- _WORK REQUIRED_: Output, exactly as written, the lines below from the one that has "A novel DP functional" through the one that has "本次招考共釋出工管類72名、"; nothing else, and no pictures.

- _AVAILABLE DATA_:
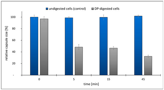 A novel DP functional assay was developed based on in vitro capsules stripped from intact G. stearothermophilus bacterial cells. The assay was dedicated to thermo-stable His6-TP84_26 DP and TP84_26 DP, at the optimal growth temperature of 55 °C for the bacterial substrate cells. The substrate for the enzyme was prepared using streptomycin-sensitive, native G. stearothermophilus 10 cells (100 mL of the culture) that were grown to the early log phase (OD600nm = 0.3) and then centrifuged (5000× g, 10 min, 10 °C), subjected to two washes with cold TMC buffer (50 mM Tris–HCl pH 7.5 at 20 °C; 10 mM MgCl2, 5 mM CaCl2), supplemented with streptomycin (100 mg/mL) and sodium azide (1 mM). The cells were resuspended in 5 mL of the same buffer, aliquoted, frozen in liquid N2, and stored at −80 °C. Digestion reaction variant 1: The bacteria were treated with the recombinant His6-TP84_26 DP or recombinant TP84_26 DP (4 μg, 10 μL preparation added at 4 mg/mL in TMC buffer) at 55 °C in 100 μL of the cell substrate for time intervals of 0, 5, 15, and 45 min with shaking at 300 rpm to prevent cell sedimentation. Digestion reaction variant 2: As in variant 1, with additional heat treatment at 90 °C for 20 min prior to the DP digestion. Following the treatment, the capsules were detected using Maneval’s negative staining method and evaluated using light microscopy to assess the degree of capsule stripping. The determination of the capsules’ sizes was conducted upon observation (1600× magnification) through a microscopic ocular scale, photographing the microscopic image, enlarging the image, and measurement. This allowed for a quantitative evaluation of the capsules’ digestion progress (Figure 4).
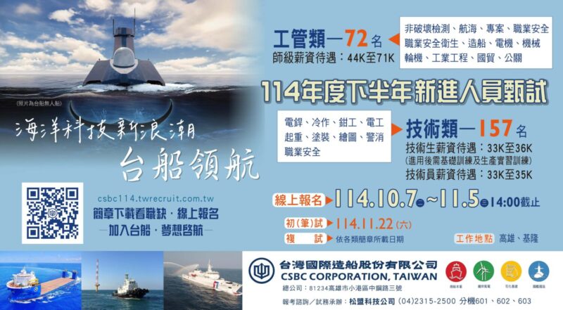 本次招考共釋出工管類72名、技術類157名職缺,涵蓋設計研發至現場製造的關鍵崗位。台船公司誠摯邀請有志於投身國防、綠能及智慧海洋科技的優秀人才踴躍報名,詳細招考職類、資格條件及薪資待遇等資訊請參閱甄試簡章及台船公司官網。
==
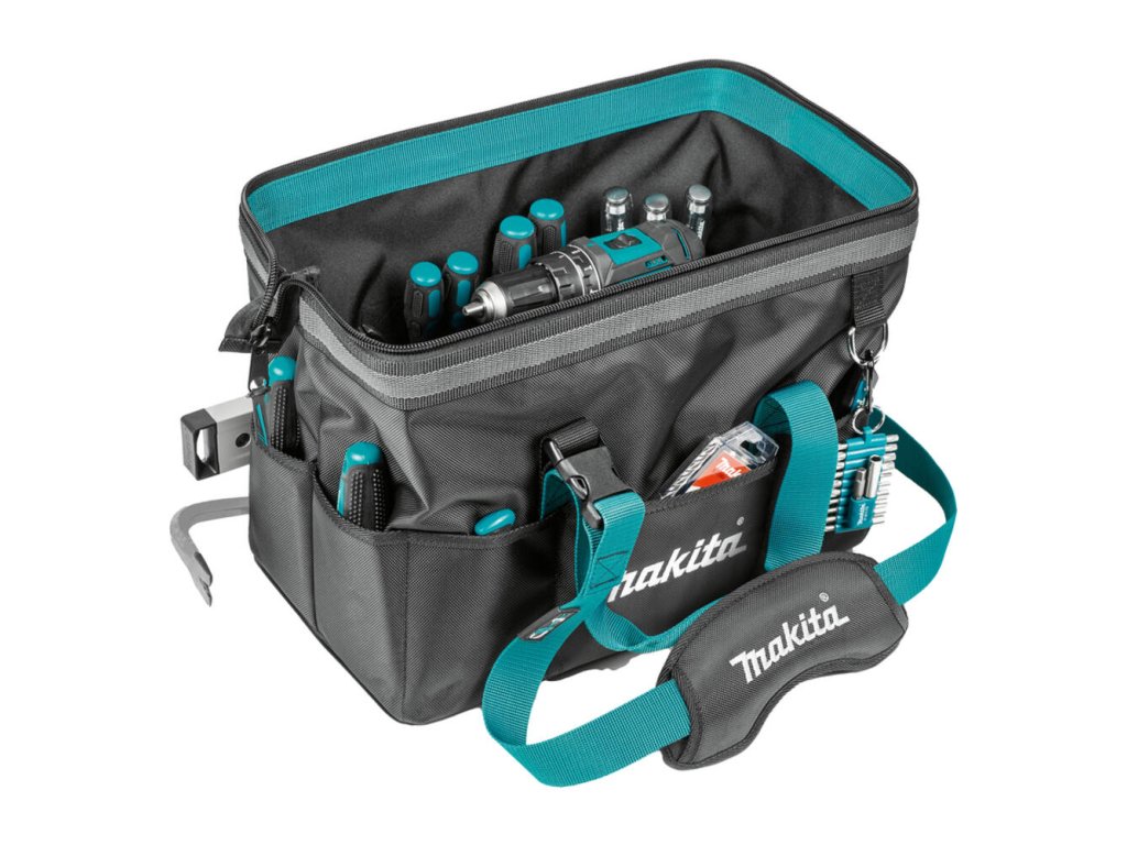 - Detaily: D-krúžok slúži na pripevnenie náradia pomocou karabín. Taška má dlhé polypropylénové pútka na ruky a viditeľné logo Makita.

- _RESULT FOR THIS EXERCISE_:
 A novel DP functional assay was developed based on in vitro capsules stripped from intact G. stearothermophilus bacterial cells. The assay was dedicated to thermo-stable His6-TP84_26 DP and TP84_26 DP, at the optimal growth temperature of 55 °C for the bacterial substrate cells. The substrate for the enzyme was prepared using streptomycin-sensitive, native G. stearothermophilus 10 cells (100 mL of the culture) that were grown to the early log phase (OD600nm = 0.3) and then centrifuged (5000× g, 10 min, 10 °C), subjected to two washes with cold TMC buffer (50 mM Tris–HCl pH 7.5 at 20 °C; 10 mM MgCl2, 5 mM CaCl2), supplemented with streptomycin (100 mg/mL) and sodium azide (1 mM). The cells were resuspended in 5 mL of the same buffer, aliquoted, frozen in liquid N2, and stored at −80 °C. Digestion reaction variant 1: The bacteria were treated with the recombinant His6-TP84_26 DP or recombinant TP84_26 DP (4 μg, 10 μL preparation added at 4 mg/mL in TMC buffer) at 55 °C in 100 μL of the cell substrate for time intervals of 0, 5, 15, and 45 min with shaking at 300 rpm to prevent cell sedimentation. Digestion reaction variant 2: As in variant 1, with additional heat treatment at 90 °C for 20 min prior to the DP digestion. Following the treatment, the capsules were detected using Maneval’s negative staining method and evaluated using light microscopy to assess the degree of capsule stripping. The determination of the capsules’ sizes was conducted upon observation (1600× magnification) through a microscopic ocular scale, photographing the microscopic image, enlarging the image, and measurement. This allowed for a quantitative evaluation of the capsules’ digestion progress (Figure 4).
 本次招考共釋出工管類72名、技術類157名職缺,涵蓋設計研發至現場製造的關鍵崗位。台船公司誠摯邀請有志於投身國防、綠能及智慧海洋科技的優秀人才踴躍報名,詳細招考職類、資格條件及薪資待遇等資訊請參閱甄試簡章及台船公司官網。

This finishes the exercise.